4. After Pelagius had been admitted, all of you with one mind asked whether he realized that he taught things against which Bishop Augustine had responded. He answered at once, "And who is Augustine to me?" Even though everyone shouted that he was blaspheming against the bishop from whose mouth the Lord has bestowed the healing medicine of unity to all Africa, and that he ought to be expelled not merely from the present assembly but also from the Church as a whole, Bishop John immediately ordered Pelagius, who was clearly a layman in a gathering of priests and a culprit guilty of flagrant heresy in the midst of Catholics, to be seated, and then said, "I am Augustine!" so that naturally, by assuming the role of Augustine as if he were present, he might pardon Pelagius more freely from the authority of the very one who was being injured and restrain the passions of those feeling aggrieved. [...]

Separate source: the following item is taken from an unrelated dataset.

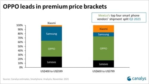 หลังจากเวลาเพียง 2 ปี นับตั้งแต่การเข้าสู่ตลาดละตินอเมริกาครั้งแรก OPPO ยังคงขยายตัวได้อย่างรวดเร็ว โดยในเม็กซิโก OPPO ครองตำแหน่ง 5 อันดับสูงสุดของแบรนด์สมาร์ทโฟนที่มียอดขายดีที่สุดในประเทศด้วยส่วนแบ่งทางการตลาด 10% และมีอัตราการเติบโตต่อปี 429% ในปี 2564 นอกจากนี้ OPPO ยังได้เสริมสร้างความร่วมมือกับผู้ให้บริการท้องถิ่นแลมีการเปิดตัว Reno series ที่เป็นที่ชื่นชอบ โดย OPPO กลายเป็นผู้จำหน่ายสมาร์ทโฟนชั้นนำในเม็กซิโกในช่วงราคา 400 ถึง 599 ดอลลาร์สหรัฐฯ และ 600 ดอลลาร์สหรัฐฯ ถึง 799 ดอลลาร์สหรัฐฯ

Here follows the doctrinal discussion, especially on the teachings of Pelagius that "a person could be without sin and could easily observe God’s commandments if he so wished." Bishop Johns tries to turn the assembly into a formal trial in which he could act as a judge in order to pass a judgment favourable to Pelagius. Orosius opposes this and declares that the doctrine upheld by Pelagius has already been condemned by the bishops (it is an allusion to the condemnation of Caelestius in Carthage in 411). Presbyters cannot contest the decision of their "fathers", i.e. the bishops.
6. [Bishop John] debated this for a considerable time and when, because of the inexperience of an interpreter unknown to us - an interpreter whom such leading citizens and devout individuals as the presbyters Passerius and Avitus, and Domnus, a former notable, had proven time and again either to be giving an erroneous translation or to be withholding much of what was being said or suggesting different implications for various statements made - and when, as I said, because of this our statements had been either altered on most occasions or passed over in silence, Bishop John said: “If Pelagius were to say that a person could do this without God's assistance, then that would be most wicked and deserving of condemnation; now, however, when he adds that a person can be without sin, but not without God's assistance, what do you say to that? Or do you perhaps deny God's assistance?” In answer to this, I replied, "As you and the previously named men have witnessed and are even now testifying to, a person who denies God's assistance should be anathematized. Certainly I do not deny this, especially since, on the contrary, I have refuted the heretics." Then, once this "judge" had been exposed and the interpreter betrayed, when we shouted that the heretic was a Latin-speaking individual, that we were Latin-speaking, that the heresy was more widely known to the Latin-speaking parts of the Empire and ought to be discussed by Latin-speaking judges, and when that one person in particular [Pelagius], the very suspect, kept forcing himself upon us as judge in an all but shameless manner—although we were not the accusers—it was necessary for most of us to say, “The same person cannot be heretic, advocate, and judge." [...]
Forty-seven days later Orosius approaches Bishop John and unexpectedly is accused by him of saying on the assembly described above that "a person can be without sin even with God's assistance." Orosius reproaches John for delivering such a judgment although he did not understand Latin (see [975]).
7. [...] And then there is the fact that in that same assembly the presbyters Avitus and Vitalis sat together with me on one side; on the other side sat that "unknown" interpreter; and next to him were men esteemed by both the world and God, Passerius the presbyter and Domnus, the former notable. Both of these last two were considered worthy to be present as interpreters because of their skill and their faith, and met with us after being invited and brought there by your circle of clerics with the agreement of Bishop John himself. Indeed, in your midst was the very one who in that situation was not less heard than seen.